System ordering in code

app.configure_sets(FixedUpdate, (
    AstrodynSet::TimeUpdate,
    AstrodynSet::EphemerisUpdate.after(AstrodynSet::TimeUpdate),
    AstrodynSet::Environment.after(AstrodynSet::EphemerisUpdate),
    AstrodynSet::Interaction.after(AstrodynSet::Environment),
    AstrodynSet::ForceCollection.after(AstrodynSet::Interaction),
    AstrodynSet::Integration.after(AstrodynSet::ForceCollection),
    AstrodynSet::DerivedState.after(AstrodynSet::Integration),
));

Multi-stage integration

JEOD uses multi-stage integrators (RK4 has 4 sub-steps per timestep, each requiring a fresh force evaluation; Gauss-Jackson and LSODE are multi-step). In the adapter:

• the integrator is selected per body by the IntegratorTypeC(astrodyn::IntegratorType) component;
• the timestep is the bit-exact IntegrationDtR(f64) resource — the single source of dt for the whole pipeline;
• multistep methods keep their persistent state in GaussJacksonStateC / LsodeStateC components across ticks.

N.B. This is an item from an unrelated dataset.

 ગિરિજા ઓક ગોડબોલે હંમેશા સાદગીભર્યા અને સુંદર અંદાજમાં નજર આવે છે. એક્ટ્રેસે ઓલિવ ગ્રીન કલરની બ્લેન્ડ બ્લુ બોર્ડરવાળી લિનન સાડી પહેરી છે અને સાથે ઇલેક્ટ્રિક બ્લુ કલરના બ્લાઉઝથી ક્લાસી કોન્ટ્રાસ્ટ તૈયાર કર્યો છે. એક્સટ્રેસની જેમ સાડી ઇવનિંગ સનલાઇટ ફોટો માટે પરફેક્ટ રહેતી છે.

integration_system runs the full multi-stage loop internally — for each sub-step it re-evaluates gravity and forces, computes derivatives, and advances the stage — so the multi-stage logic stays inside one system rather than spreading across the schedule.

Key system signatures

Bevy systems are thin wrappers: each is generic over the planet phantom <P: Planet>, queries the *C components, and delegates to a gateway astrodyn::* function — never to an astrodyn_* physics crate directly (the three-layer rule). gravity_computation_system builds a per-body input iterator plus a source resolver and hands both to astrodyn::run_gravity_stage; integration_system routes 6-DOF/3-DOF integration through astrodyn::integrate_body (and integrate_body_coupled for kinematic chains).

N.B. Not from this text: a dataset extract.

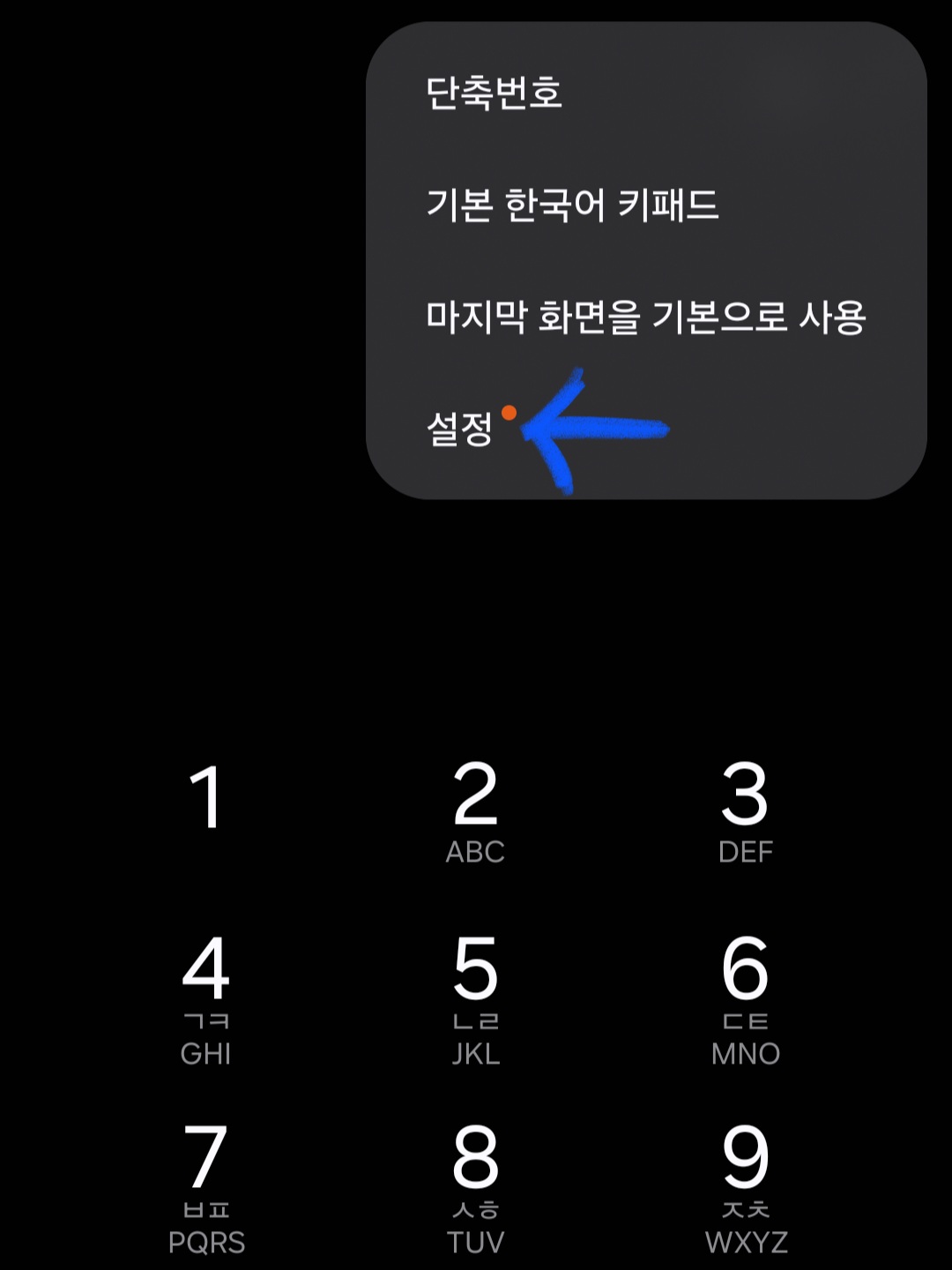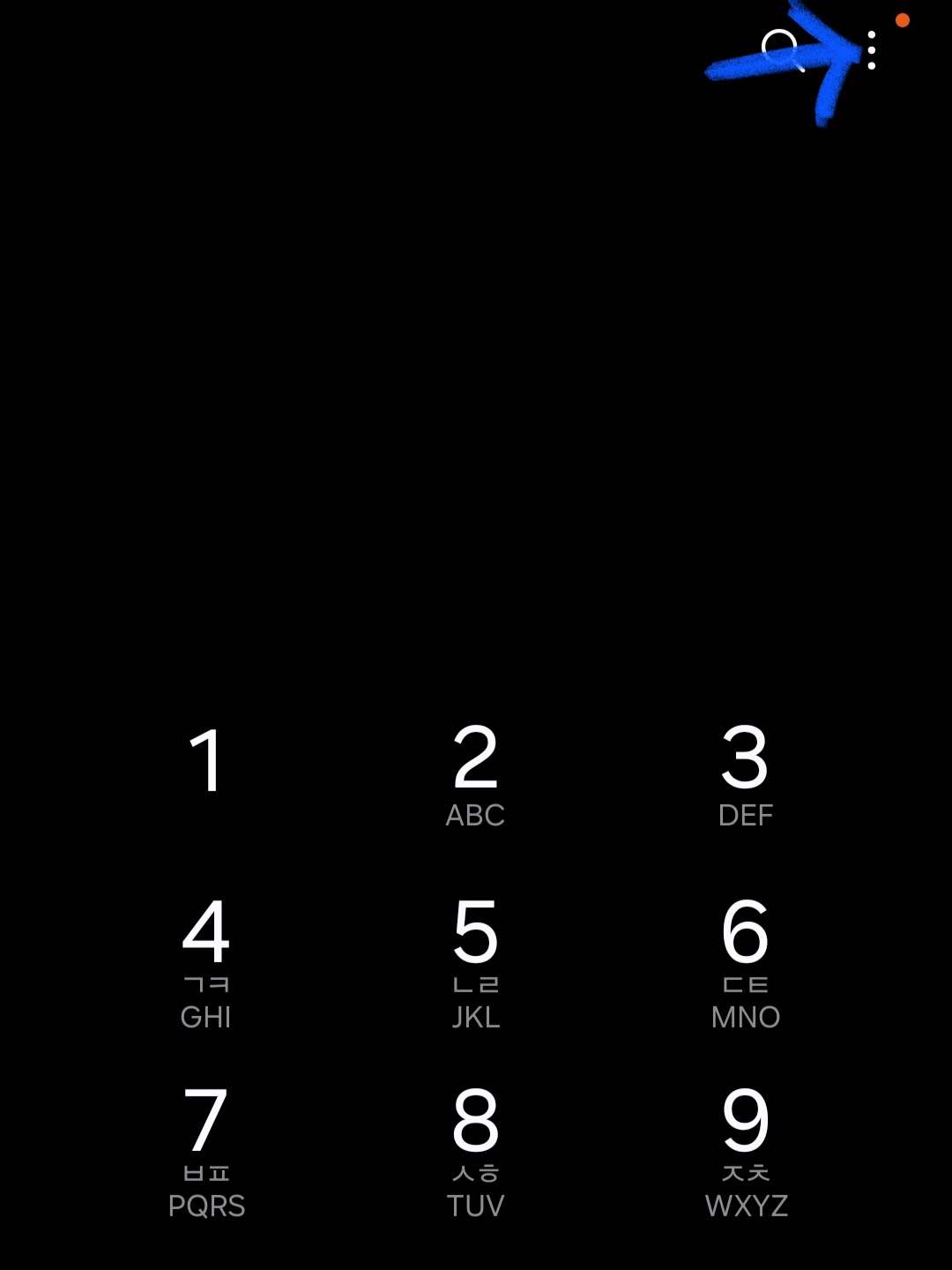 ▼수동에 이어 이번엔 자동으로 통화녹음 되는 기능에 대해 알아보겠습니다. 우선 전화 버튼을 눌러준 다음 상단에 [•••(더 보기)]를 클릭해 [설정]에 들어가 줍니다.

A simplified integration_system — incidental frame-origin plumbing and the detached-subtree / kinematic-child filters are elided; see crates/astrodyn_bevy/src/systems/integration.rs for the full signature:

pub fn integration_system<P: Planet>(
    // frame-origin / root-frame plumbing …
    mut bodies: Query<(
        Entity,
        &DynamicsConfigC,
        &mut TranslationalStateC<P>,
        Option<&mut RotationalStateC>,
        Option<&MassPropertiesC>,
        &GravityControlsC,
        &mut TotalForceC,
        Option<&IntegratorTypeC>,
        // … persistent multistep state (Gauss-Jackson / LSODE) …
    )>,
    dt: Res<IntegrationDtR>,
) {
    // For each body: re-evaluate forces per RK sub-step, then
    // `astrodyn::integrate_body(…)` routes the method and DOF.
}

The system owns no algorithm — only the ECS plumbing around the gateway call — which keeps the physics testable without standing up a Bevy App.

Plugin composition

All Bevy glue lives in a single AstrodynPlugin in crates/astrodyn_bevy/src/lib.rs (renamed from JeodPlugin in #392). The plugin registers resources, configures schedule set ordering, and adds all systems inline — there are no separate sub-plugins per domain.

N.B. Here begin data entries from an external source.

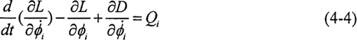 對(duì)轉(zhuǎn)換成鏈狀結(jié)構(gòu)的系統(tǒng),應(yīng)用拉格朗日法建立系統(tǒng)的扭振動(dòng)力學(xué)方程,系統(tǒng)中帶有粘性阻尼,因此列出含有耗散函數(shù)的拉格朗日方程
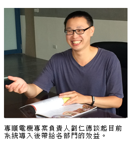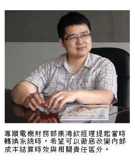 「換系統對我們來講就是一個契機」專順電機財務部康鴻欽經理(以下簡稱 康經理)於訪談之初就提起換系統對他們而言代表的涵義。尚未換系統前,專順電機(以下簡稱專順)面臨到成本無法結算、庫存掌握度不足以及大陸同仁對於舊系統的不信任感。「也因為大陸同事都有用過鼎新ERP的經驗,鼎新ERP的輔導方法論(TIM),有方法有計劃有效率的執行令他們印象深刻;加上舊系統不是以集團架構模式來進行,跑集團內的交易時(多角貿易),每個集團內的法人就要各自輸入交易單據,就會少了一些合理的判斷,也容易出現資料錯誤。」專順電機資訊人員,也是此次專案負責人劉仁德先生(以下簡稱 仁德)談到舊系統帶來的不便利性。康經理也補充:「早期責任區分時,舊系統沒有區分這麼多,尤其財務會計後端這邊,常常變成要幫權責單位輸入、核對;但這應是權責單位負責的事項,後續才由財務單位做最後審核。現在,我們也是藉由這次的轉換系統的機會,重新調整內控架構。」
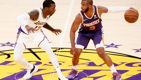 Toujours pas de succès en présaison pour les Lakers dominés de bout en bout par les Suns. C’est Landry Shamet, suppléant de Devin Booker, qui est le premier en action, bien servi par Chris Paul. Même Deandre Ayton plante de loin, et les Suns se détachent (16-8).
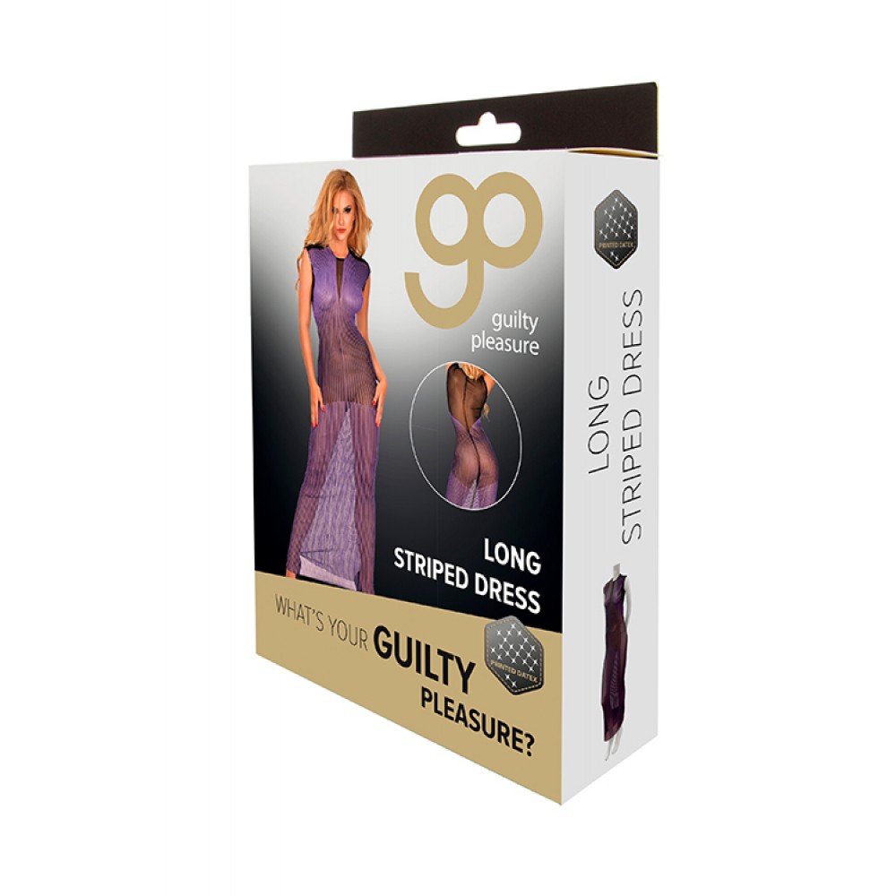 Iepazīstinām ar satriecošu gabalu no Guilty Pleasure Printed Datex kolekcijas: aizraujošu Datex kleitu ar iespaidīgu violetu svītru rakstu. Lateksa svītras rada apburošu caurspīdīgu efektu uz caurspīdīga melna auduma. Priekšpusē ir eleganta V-veida neapdrukāta daļa, savukārt aizmugurē svītras eleganti saplūst viduklī. Izgatavotas no elastīga materiāla, šīs svītras graciozi pielāgojas katrai jūsu ķermeņa līknei.Šī kleita ir veidota bez rāvējslēdzējiem vai aizdarēm, piedāvājot izcilu elastību un elastīgumu vieglai uzvilkšanai un noņemšanai. Izbaudiet maksimālu komfortu šajā seksīgajā garajā kleitā, kas ir ideāli piemērota sievietēm, kuras vēlas izcelties.Galvenās iezīmes:- Printed Datex apvieno dabisko gumiju ar elastīgu adītu audumu.- Latekss tiek drukāts pievilcīgos atvērtos rakstos uz ļoti elastīgas bāzes.- Materiāla elastība un izturība nodrošina, ka tas nesaplaisās, piedāvājot izcilu komfortu.- Savienojiet ar jebkuru GP fetiša apģērbu priekšmetu, lai iegūtu patiesi satriecošu ansambli.Lai iegūtu kopšanas instrukcijas un izmēru tabulu, [noklikšķiniet šeit](https://yourwebsite.com/downloads/Datex-Care-instructions-and-Size-Chart.pdf).

pub struct AstrodynPlugin;

impl Plugin for AstrodynPlugin {
    fn build(&self, app: &mut App) {
        // Insert resources (SimulationTime, EphemerisData, etc.)
        // Configure AstrodynSet schedule set ordering in FixedUpdate
        // Add all systems (time, gravity, integration, derived states, etc.)
        //   each assigned to the appropriate AstrodynSet
    }
}

Users add AstrodynPlugin to get the full simulation pipeline. Since all systems live in one plugin, selective opt-in is done by which components are spawned on entities, not by choosing sub-plugins.

See also

• Strategy — engine-neutral architecture: pipeline stages, core types, three-layer rule, verification.
• Integration-Groups — Bevy schedule ↔ JEOD JeodIntegrationGroup mapping.
• Type-System — the typed quantities / phantom tags the component wrappers carry.
• Dependency-Graph — where astrodyn_bevy and astrodyn_runner sit relative to astrodyn.